La démocratie n’a pas besoin de menteurs ou de valets aux ordres, bien au contraire. Elle se nourrit de la confrontation des opinions. Or, à de minimes points de détail près, on peine à trouver la moindre véritable différence entre les grands titres nationaux. De gauche comme de « droite », ils nous servent la même soupe cuisinée par les États-Unis et/ou leurs satellites. Pour tenter de conjurer la fatalité qui les guette ils augmentent leurs tarifs. Ce qui risque de contribuer à accélérer la mévente, qui mécaniquement entraînera une baisse des recettes publicitaires, conduisant inexorablement ces titres vers la faillite. Bon débarras !

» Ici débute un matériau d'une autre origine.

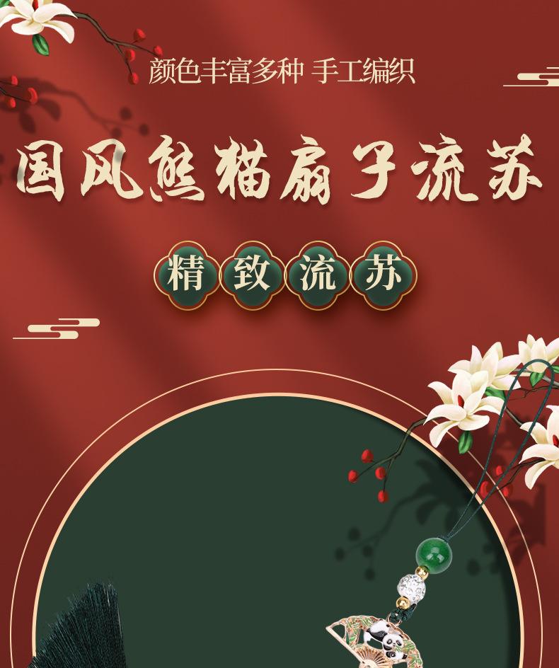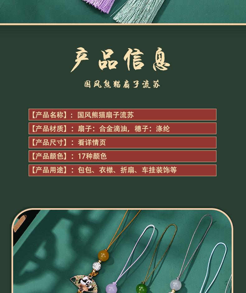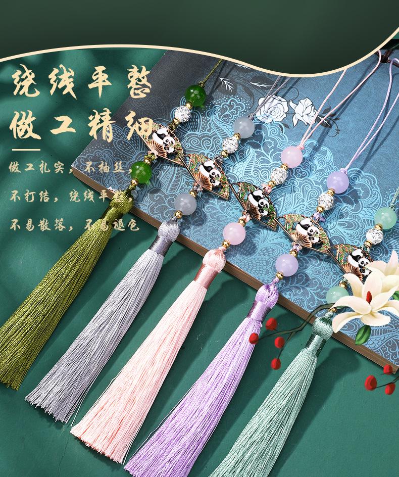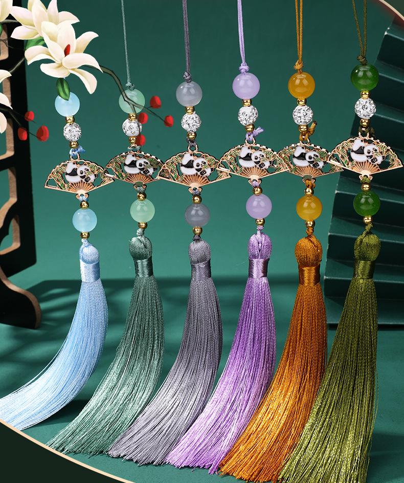 Abanico Panda Guofeng Borla Abanico Blanco Antiguo Adornos de Púa Colgante DIY Hecho a Mano Horquilla Colgante de Abanico Colgante

Pour autant, le tableau n’est pas aussi noir qu’on veut bien le dire, car il y a une presse qui se porte plutôt bien, celle dite régionale. Elle mêle habilement les nouvelles locales aux nationales et internationales, elle publie des articles de qualité où les faits sont généralement présentés honnêtement et l’analyse qui en est faite tranche souvent avec l’unanimisme de titres comme Libération, Le Monde, Le Figaro. Tiens, puisque nous parlons de ce trio d’étroits mousquetaires, penchons-nous sur leurs tirages, loin d’être glorieux. Pour l’année 2013, les chiffres de l’OJD (Office de Justification de la Diffusion), concernant le tirage et le nombre quotidien d’exemplaires vendus sont édifiants :

  • Le Figaro a tiré à 390495 exemplaires dont 318506 vendus,
  • Libération a tiré à 144095 exemplaires dont 108717 vendus,
  • Le Monde a tiré à 348765 exemplaires dont 281872 vendus.

Et encore, dans le nombre d’exemplaires vendus ne sont pas décomptés les abonnements institutionnels souscrits par les ministères, les collectivités locales et les grandes entreprises. Maintenant, regardons le tirage d’Ouest France :

  • Tirage à 830403 exemplaires dont 742645 vendus.

En clair, ce seul quotidien régional a vendu plus d’exemplaires que les trois cadors de la presse nationale qui totalisent seulement, et péniblement, 709095 exemplaires vendus. Des esprits retors pourraient y voir le succès d’un journal qui a épousé les causes du lectorat français en prenant, par exemple, parti pour la défense de la famille, en s’opposant au mariage pour tous. Mais je gage que les commentateurs qui ont accès aux micros se refuseront à partager cette analyse, comme ils s’ingénient depuis des années à considérer la réalité plutôt que l’idéologie, les vrais intérêts de la France plutôt que ceux des millionnaires qui les maintiennent artificiellement en vie. La vraie diversité se trouvant dans cette presse régionale considérée avec mépris par les soi-disant grandes plumes et autres experts autoproclamés des médias, vous savez ce qu’il vous reste à faire.